The entire process is controlled by an operator who sits at a control panel near the sub-electron amplifier. The lightning gun is aimed manually — using a joystick, the operator activates gears and hydraulics that rotate the gun into firing position with ease. To use the lightning gun safely, the operator must wear a special helmet connected to the top of his seat. Not only does the helmet have goggles to protect the operator's eyes from the blast, but it also shields the operator to prevent health hazards from his being in such close proximity to high levels of energy.
The destructive capacity of the lightning gun can be measured by the extent of damage Cape Suzette suffered from its use. Bridges, streets, and whole sections of buildings were torn apart by the sheer power of the energy bolts fired from the lightning gun. Defense squadrons attempting to disable the lightning gun suffered much the same fate, wings and fuselages incinerated by the gun's powerful blasts.
There are drawbacks to the design of the lightning gun, however. Due to the intense energy involved in using the weapon, it cannot be fired safely in enclosed areas. The lightning gun is most effective when it is placed out in the open, making it vulnerable to attack. Also, because the lightning gun's powerful beam is merely a concentrated form of electrical energy, it cannot penetrate insulating materials such as rubber. A sufficient layer of such materials can partially or completely deflect the blast.
Presumably through an informant placed somewhere in Khan Industries, Don Karnage discovered the project in its final testing phases.

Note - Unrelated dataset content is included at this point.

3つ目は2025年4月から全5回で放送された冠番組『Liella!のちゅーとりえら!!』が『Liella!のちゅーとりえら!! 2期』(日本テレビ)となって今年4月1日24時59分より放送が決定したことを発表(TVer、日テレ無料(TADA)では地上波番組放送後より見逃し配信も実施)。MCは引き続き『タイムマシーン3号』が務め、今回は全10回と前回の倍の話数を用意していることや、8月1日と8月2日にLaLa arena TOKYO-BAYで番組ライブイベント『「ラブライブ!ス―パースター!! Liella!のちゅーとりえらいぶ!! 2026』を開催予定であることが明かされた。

Realizing the potential the stone offered for fulfilling Karnage's plans to conquer Cape Suzette, he and his men focused all their efforts on building a weapon that could somehow take advantage of the tremendous power of the sub-electron amplifier. Raids on Khan cargo planes increased fourfold over the next weeks. The pirates were choosy, stealing only those items that they needed to build their lightning gun — such as flagpoles, fishbowls, and industrial-strength wire — to the bewilderment of their victims.
This huge plunder was turned over to the capable hands of the Air Pirates' expert mechanic Ratchet. With the help of a "Do-It-Yourself" electronics manual, Ratchet pieced and spot-welded together a giant cannon designed to focus the awesome energy of the stone into a powerful electrical beam. Acting on another tip, the Pirates hijacked Khan Flight 127, en-route to Cape Suzette to present the stone to Shere Khan himself.

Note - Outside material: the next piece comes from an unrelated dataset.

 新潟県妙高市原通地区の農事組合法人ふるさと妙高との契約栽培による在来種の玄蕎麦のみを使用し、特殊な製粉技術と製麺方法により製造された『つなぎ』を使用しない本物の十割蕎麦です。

Rebecca Cunningham and Baloo took advantage of its weaknesses to stop the lightning gun. Covering the Sea Duck in automobile tires and rubber tarps, Baloo, Kit, and Rebecca took off to stop Karnage from destroying Cape Suzette. The lightning gun fired several blasts but they had little effect on the rubberized Duck, which collided with the cannon and knocked it down off the Iron Vulture into the bay. On contact with the water the sub-electron amplifier exploded, obliterating both it and the remains of the lightning gun.
The destruction of the stone and the subsequent abandonment of Khan's sub-electron amplifier project make it highly unlikely that the Air Pirates will try to construct a second lightning gun, unless another powerful new source of energy is developed in the near future.